Hardly useful.
One would expect the attachments to be MIME encoded.
You'll need to do some extra work (procmail?) before the
scan.
Nimrod Zimerman wrote:
>
> On Fri, Jun 11, 1999 at 04:38:14PM +0200, Hetz Ben Hamo wrote:
>
> > I'm plannning to install a Linux machine which will be our mail server at my
> > work.
> >
> > My question: since there are so many viruses around for windows, and many users
> > simply don't follow any instructions you give them - is there an "anti virus"

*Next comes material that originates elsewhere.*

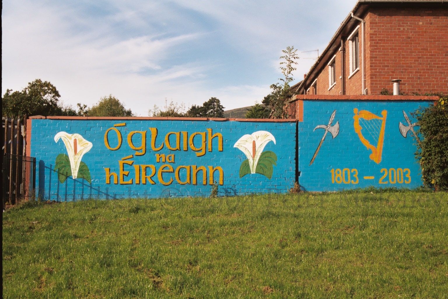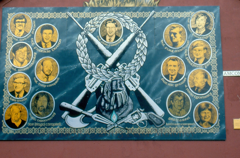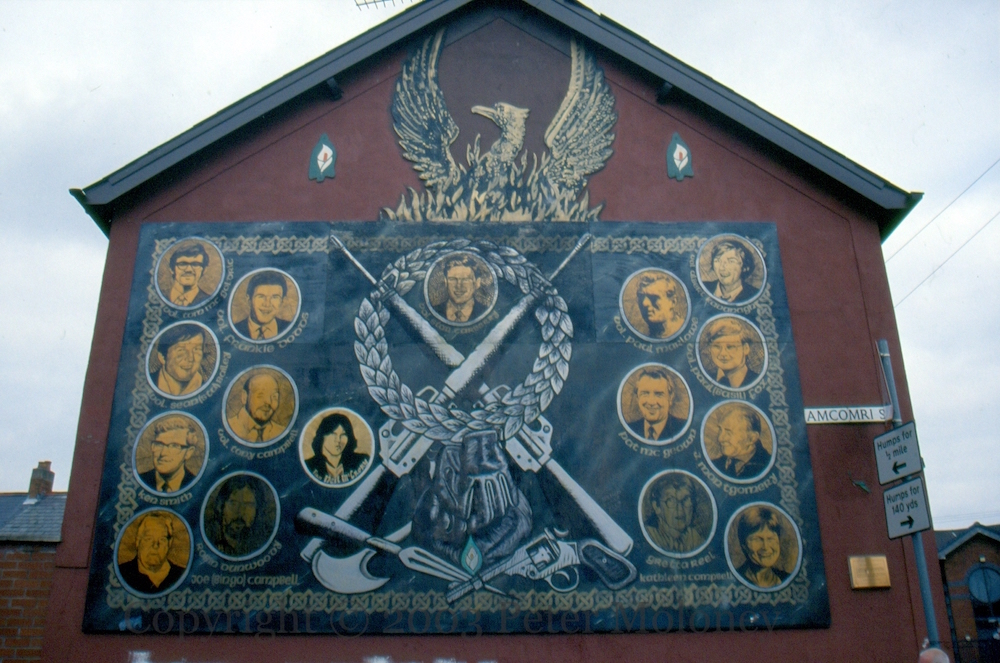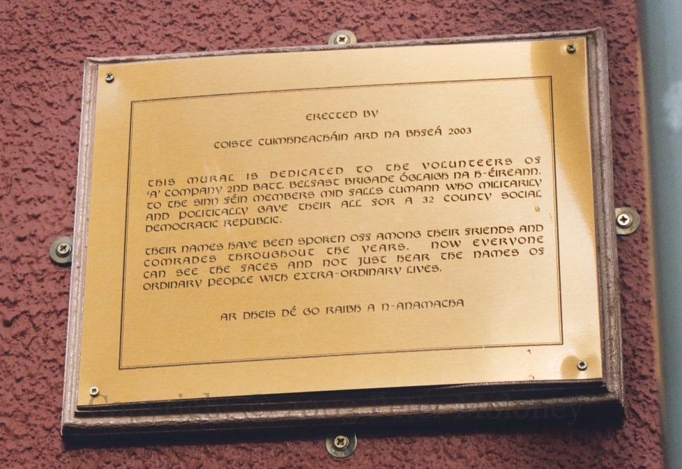 “Erected by Coıste Cuımhneacháın Ard Na bhFeá 2003.” The plaque reads, “This mural is dedicated to the volunteers of ‘A’ company 2nd batt. Belfast Brigade Óglaıgh na hÉıreann, to the Sınn Féın members Mid Falls cumann, who militarily and politically gave their all for a 32 county social democratic republic. Their names have been spoken off [sic] among their friends and comrades throughout the years. Now everyone can see the faces and not just hear the names of the ordinary people with extra-ordinary lives.”

> > which scans incoming/outgoing email for viruses that I can use with Linux?
>
> Two options:
>
> 1. I know that Eliashim has done some work in this direction (that is,
> porting the anti-virus to Unix). I don't know where this stands, though
> the last time I heard, it was already quite usable.
> Call them.
> (The reason I got involved has nothing to do with me wishing to purchase
> such a product, by the way).
>
> 2. DosEmu and F-prot. Assuming the amount of files checked isn't extreme, it
> shouldn't be a problem to setup a system that would use F-prot running in
> DosEmu to perform the scanning, and report back the results (even a silly
> batch file would do the trick, I'd say). This, given F-prot properly runs in
> DosEmu. I never tried.
> (F-prot is available free of charge for non-commercial usage, and at a
> ridiculously low charge for commercial usage, in the DOS version).
>
> Nimrod
--
Omer Efraim
!- Software: Making your computer come alive so it can attack you -!